Based on the chart below from what I can gather I see two major patterns. The first is that every element is dosed twice a week at low levels keeping the overall nutrient level low. The second, and what I am starting to think may be the most important key, is that certain elements are never dosed together on the chart. For instance iron is never dosed with phosphorus, nitrogen is never dosed with iron, potassium is never dosed with phosphorus, and nitrogen is never dosed with potassium. After playing with combinations I could hit everything by dosing twice a week. Dose "A" would be Flourish Comp, Phosphorus, and Nitrogen. Dose "B" would be Iron, and Potassium. Does this make sense?

Regarding trying to balance my tank, I have a test for nitrates and phosphates but I only use the nitrates then base all my ferts off that. I was told when I very first started this hobby years ago to test for iron and base everything off that instead...is this true? EI is tricky, and I really want to see this tank work before I give up on it.


----------



## p0tluck (Feb 17, 2017)

You don't need excel it's actually harmful to. Plants and your livestock , all the seachem products are extremely weak, however I've neb told by a few highly reputable aquarists as I dose dry ferts not to use csm+B and use flourish in its place on my micro days, I world honestly switch up from seachem to thrive, if you want a more advanced cheaper long term method of dosing I would go to dry dosing, I use nilcog dry ferts and have seen great response in plants abd the deminish of algae. 

As far as dosing micros and macros at the same time is a big nono (iron= micro, phosphorous =macro) you dose every other day, LIKE macros on Monday, micros on Tuesday macros on Wednesday micros on Thursday etc etc, with dry ferts you're not dosing everyday in a low tech tank like mine, I dose macros on Sunday after my water change, micros on Monday, skip Wed/Thurs macros on Fri /micros Saturday repeat. 

Onto the thread algae it's a nightmare, I had it bad when dosing low levels of ferts, if your plants aren't growing they aren't taking up nutrients which algae will, since switching to dry ferts, dosing twice a week my plants are growing better and thread/hair algae even though not gone its getting way better, to sum up if you don't have a healthy growing robust plant mass you will always have algae issues, the trick is too get the plants to grow to out compete the algae, the right plants (faster growing stem plants for nutrient uptake is key as well) 

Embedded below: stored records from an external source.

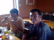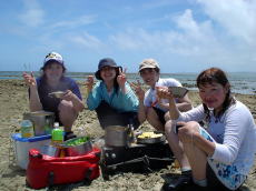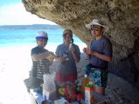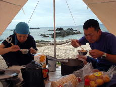 | 皆で捕ったマガキガイがつまみです。 | 飲んで食べて寝る! OK!問題な〜い! |
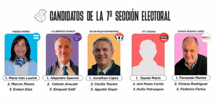 Principales candidatos: Fuerza Patria: María Inés Laurini. La Libertad Avanza: Alejandro Speroni. Es con vos: Jonathan Capra. Somos Buenos Aires: Fernando Martini. Potencia: Pedro Vigneau. FIT-U: Daniel Marín.
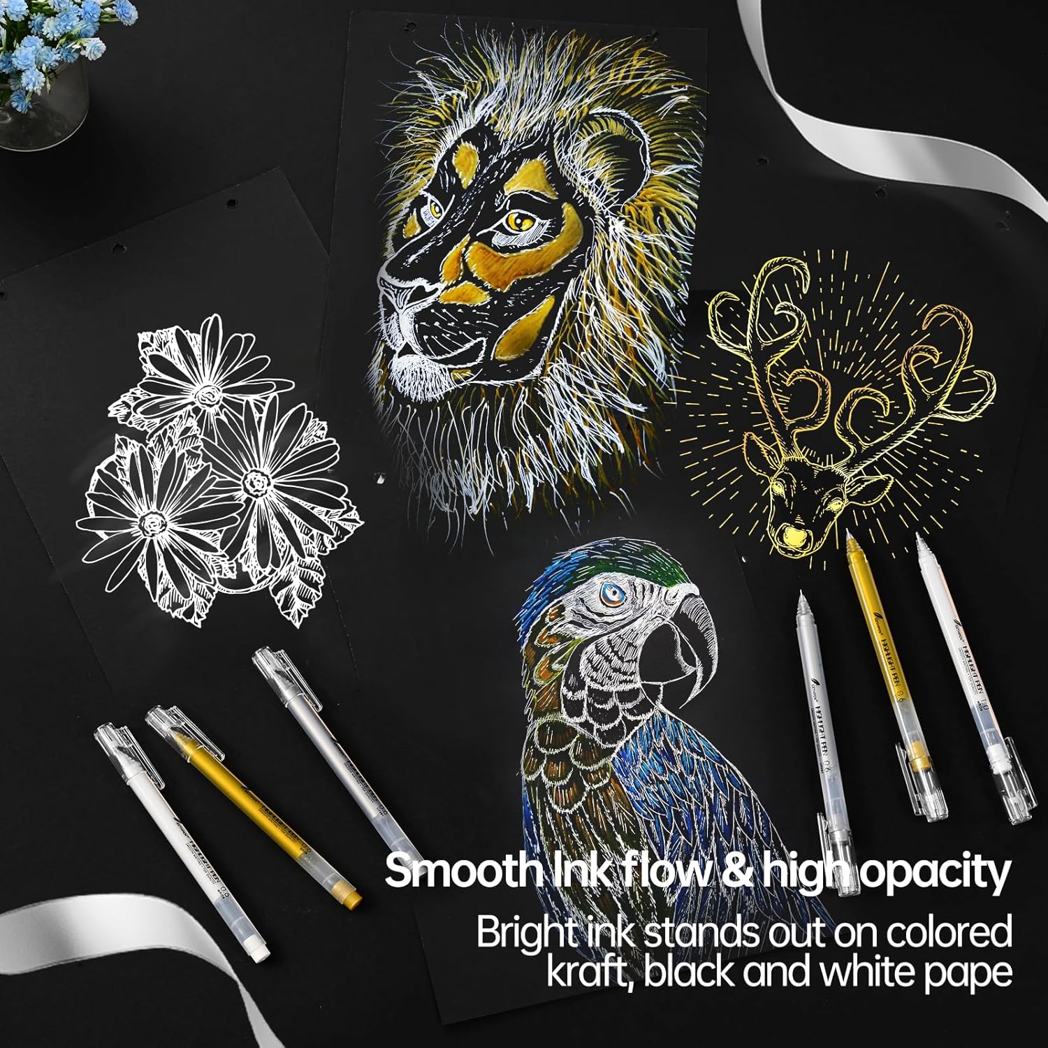 • MULTI-PURPOSE: Writes on dark paper such as black paper, craft paper. White Gold and Silver fine point gel pens for detail drawing sketching coloring, illustration, card making, scrapbook and other projects
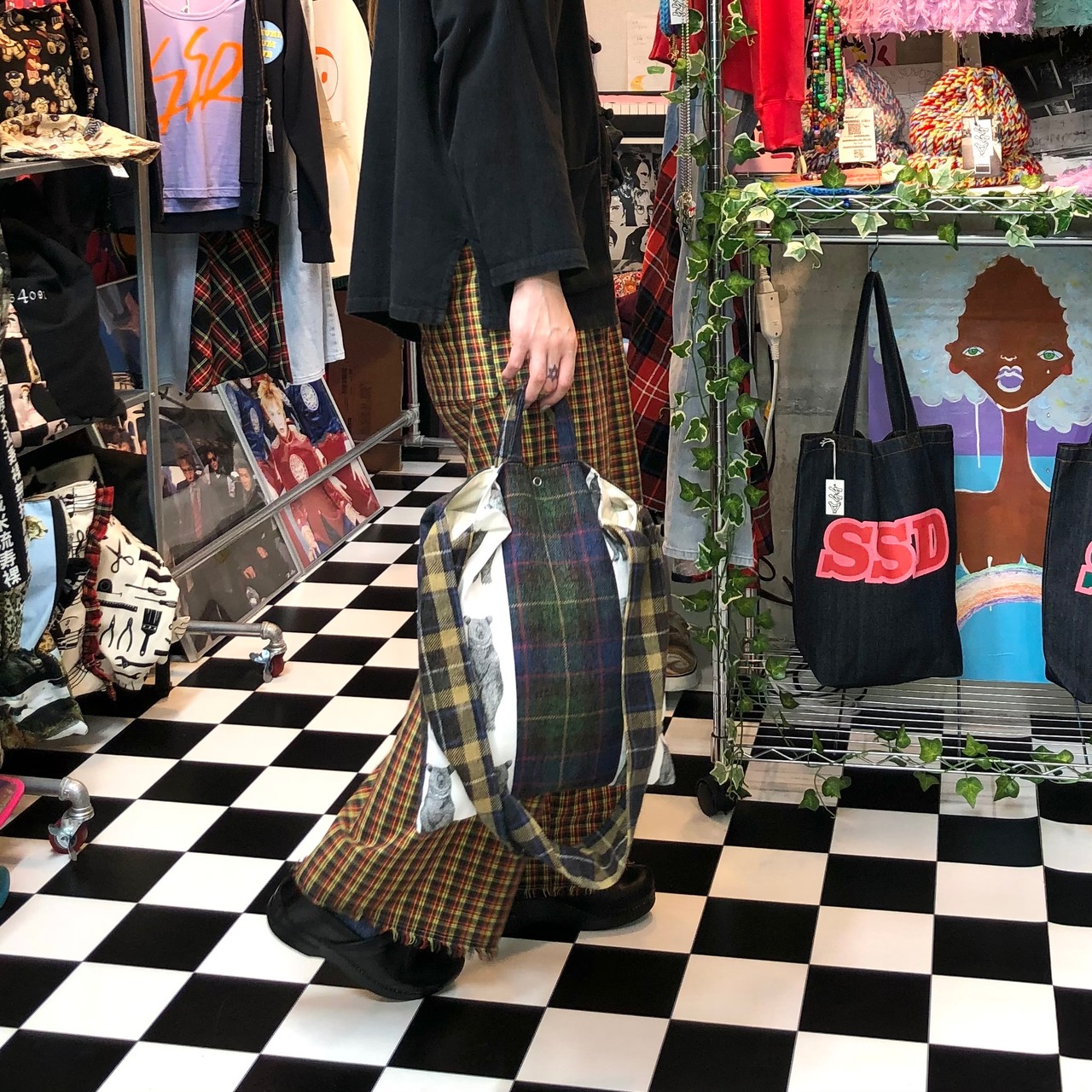 ベア×タータンチェック コットンツイード地 ショルダートートバッグ

Sent from my SM-N960U using Tapatalk


----------



## Teebo (Jul 15, 2015)

I dont plan on buying any more Seachem products but I have a lot of it left. I wanted to change to something more simplistic as I have been enjoying the hobby less working so much. Thrive had been suggested as an all in one solution to going minimal.


----------



## p0tluck (Feb 17, 2017)

Teebo said:


> I dont plan on buying any more Seachem products but I have a lot of it left. I wanted to change to something more simplistic as I have been enjoying the hobby less working so much. Thrive had been suggested as an all in one solution to going minimal.


Thrive is amazing as it's both macro and micro In one. EI dry isn't simplistic so I won't take you down that road, thrive is great. 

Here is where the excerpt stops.